Another new tactic they’ve taken is creating generic fake shops and evolving them into branded shops over time, he says.
“The scammers are working hard to understand how detection is evolving in the industry, and doing things to try to evade detection as aggressively as they can,” he says.
6. Use Incident Responders Judiciously
Incident responders hate handling the mitigation of brand impersonation because it is a different skillset than a lot of analysts who get into the field for fun investigative work and not to chase down registrars to do takedowns, says Shaul. Even if a company can make it fun for their responders, they have got to be careful that they’re using their specialized responders in a cost-effective way.
He likes to tell the story of a banking customer that had been putting this on their IR team, who turned it into a fun exercise by breaking into phishing sites that were targeting the company’s brand and doing a lot of offensive security work.
“The IR guys were having a ball with it, but they realized, ‘Look how much time we’re spending basically just playing games with the attackers,'” he says. “They had their best people doing hard work to just clean up after scams that already happened.”
He suggests that by knowing in advance that response to these sites takes a different skillset than advanced analysts have, this might be a way to break in new security ops personnel and give early-career responders some experience through a planned career path that starts with impersonation takedowns.
7. Proactively Build Law Enforcement Relationships
Additionally, organizations should understand that they’re likely going to need to help from the authorities in many of these cases. Saylors says that CISOs should be working to proactively build partnerships with law enforcement agencies and other relevant government authorities around the globe.
“They should also have direct relationships with law enforcement organizations that will pursue and prosecute the criminals responsible for brand theft and the resulting revenue loss to legitimate companies,” he says.
8. Educate Consumers and Employees
Frequent and detailed awareness campaigns for customers about what brand impersonation looks like compared to the real deal can go a long way toward curbing their risk of falling for common frauds.
“Organizations, other than large banks, tend to fail in this area due to concerns about scaring their customers away,” he says. But actually, awareness campaigns like this can bring customers closer to the brand when they’re done right. Here’s a great example of what an awareness site can look like. This is a detailed fraud awareness article put together by Burton Snowboards that provides examples of fake Burton scam sites, with clues for their customers to look for in detecting a scam and some additional pointers. Communications like these can be used as a technique to not only build trust and goodwill among customers, but also build up the brand.

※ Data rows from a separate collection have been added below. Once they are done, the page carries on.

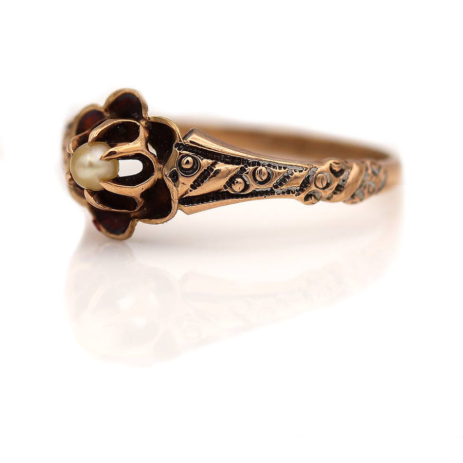 The Bindy ring is a delicate 1900's Victorian solitaire engagement ring features one (1) cultured pearl, residing within a six (6) prong buttercup setting. Beautifully crafted in 10 kt rosy yellow gold and accentuated with delicate filigree engravings. This ring measures 8.0 mm, tapering to 4.5 and .09 thick at the base of the shank. As sweet and lovely as can be. In very good condition.
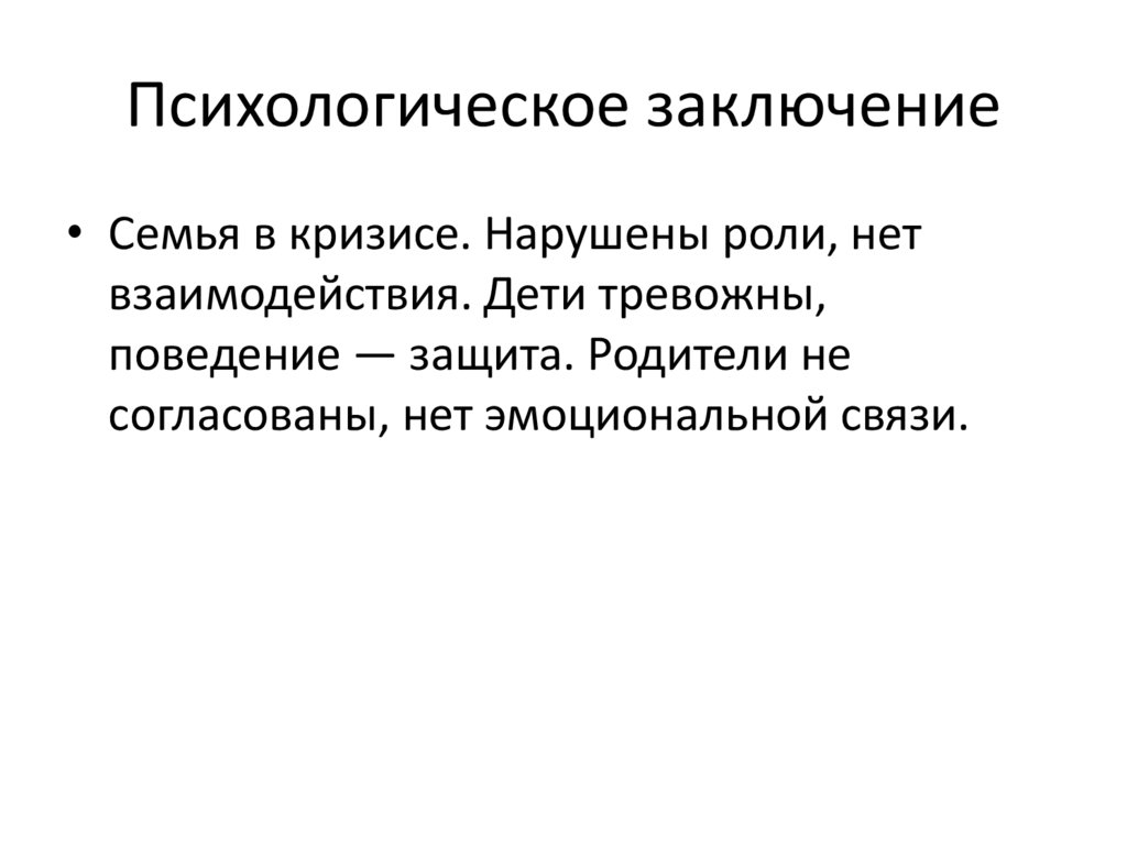 Психологическое заключение• Семья в кризисе. Нарушены роли, нет
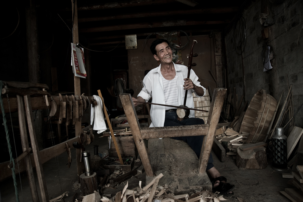 黃巖嶼頭老街上一木工師傅在工間閑來拉上一曲。
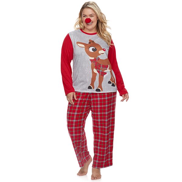 Plus Size Jammies For Your Families Rudolph The Red Nosed Reindeer Sleep Top Plaid Bottoms Pajama Set With Red Nose Accessory

9. Differentiate Your Brand
One final thing that CISOs can encourage their organizations to do is to find ways to ensure all of their sites, pages, and experiences are visually and contextually recognizable as part of the brand. This is an opportunity for collaboration with the marketing department. Not only can customers recognize distinctive brands more easily, but it’s also a lot easier for automated detection searches to automatically find impersonated images and logos out in the wild, says Shaul.
“Ensure there’s something a little bit different about your brand that makes it so that your customers and even your employees can recognize it. That’s great for marketing but also helps security in a big way,” he says. “The more your brand has differentiated itself with the way it looks, the way it feels, the way it’s set — with little things like how your VPN looks — and the easier it is to protect the brand.”